Munch, 104 N. Marion St, Oak Park, IL 60301, 708-848-4226
Hours: Monday Closed, Tues-Thurs 11-8, Friday 11-9, Sat-Sun 10-5

In the post-Thanksgiving transition period of what I like to call “body reclamation” – a process of return to normal eating in an effort to, as painlessly as possible, shed the Thanksgiving weight – I suffer. This process is about as American as it gets. It’s one of the strongest and most uncomfortable ways we build community with each other. Having lived in Sioux Falls, South Dakota, a small city that has made its mark as not only having the most restaurants per capita for a small city but also having the most gyms, I’ve experienced the angst such conditions bring to a populace, myself included.
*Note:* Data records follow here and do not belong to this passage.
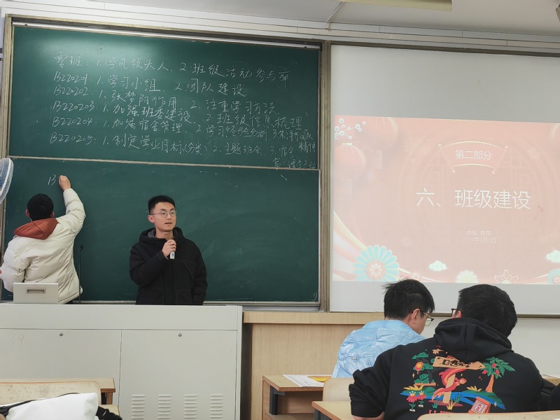 首先,强增寿老师带领班委分析了上学期的成绩,引导班委带领班级同学发现并改进学习方面的不足,发挥优秀班级以及优秀学生的带头作用。接着,对上一学年表现优秀的班级及个人进行表彰,以鼓舞同学们在新学期再接再厉,继续创造新辉煌。在强调学风建设的同时,强增寿老师还注重对同学们的安全教育和培养志愿服务精神,号召大家提高自我防范意识、积极参与志愿活动。在日常管理部分,强增寿老师指导各位班委如何进行班级日常管理,引导学生正确地规划自身的大学生涯。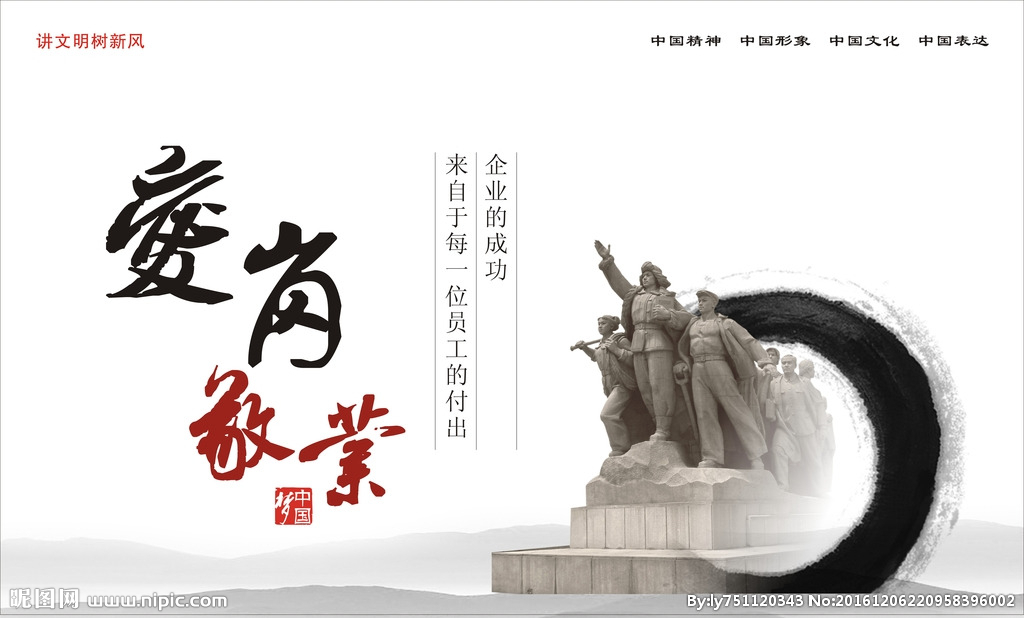 爱岗敬业,要勤于职责。以“尽心、尽力、尽责”的状态对待工作。工作是个人成长之基,事业进步之源。作为一名员工,要正视自己的角色,找准自己的位置,牢记自己的职责使命。首先,要把工作当事业干。个人的事业在哪里?就是自己的本职工作,就在自己的工作岗位。我们常说要干出一番事业,就是在本职工作上奋发有为。本职工作很出色,很有成效,事业就有了,就成功了。其次,要把工作当做乐趣干。我们大家应该有这样的感受,当我们经过加班加点完成的工作,得到领导肯定的时候;当你经过冥思苦想的新举措得以实施的时候,就会有一种自豪感和成就感。把工作当成享受,再苦再累,也心甘情愿愿。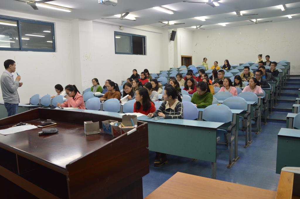 党委副书记姜土生博士在弘德楼5201为考研学生开展讲座,对他们进行考前辅导。 2013级辅导员张晓庆老师出席本次活动。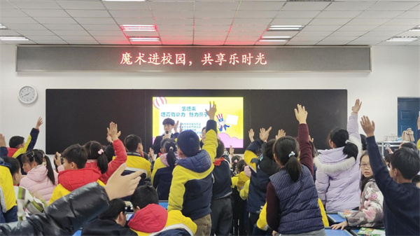 1月5日下午,“艺栖来·栖霞有魔力”——魅力燕子矶活动在南京晓院附小举办。本次活动由南京市杂技家协会、栖霞区文学艺术界联合会、燕子矶街道妇联主办,南京晓庄学院附属小学教育集团、燕子矶社区承办。南京市杂技家协会会员彭湘琪、陆鹏,南京师范大学深蓝魔术社社长善珽凯走进校园,通过现场表演、互动体验等方式,让孩子们近距离感受魔术艺术的独特魅力。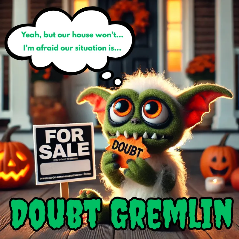 The Doubt Gremlin will creep in with thoughts of, "those other homes I see on the market look beautiful" or "my home is not ready." And beware his partner the Market Trickster who over analyzes the market timing and calculates the cost of not completing your to-do list.

Another Gozamos food writer is working on an article on the mysteries behind comfort food. Throughout our conversations about this hallowed category of eating, I realized I was in need of some food comfort, for I had grown very uncomfortable with the idea of eating anything. Given my current state, however, this would be difficult, for comfort food is usually naughty food.

It was then that something magical happened. I redefined for the first time the idea of comfort eating to include what many already call “guilt free.” And this happened in the place of Munch, a new nook of a restaurant on Marion Street in Oak Park.

Officially opened just this past July, the beginnings of Munch happened many years before when owner, chef, artist and mother, Robbin O’Harrow, experienced something I usually wouldn’t write about in a restaurant review: One of her daughters got into a car accident.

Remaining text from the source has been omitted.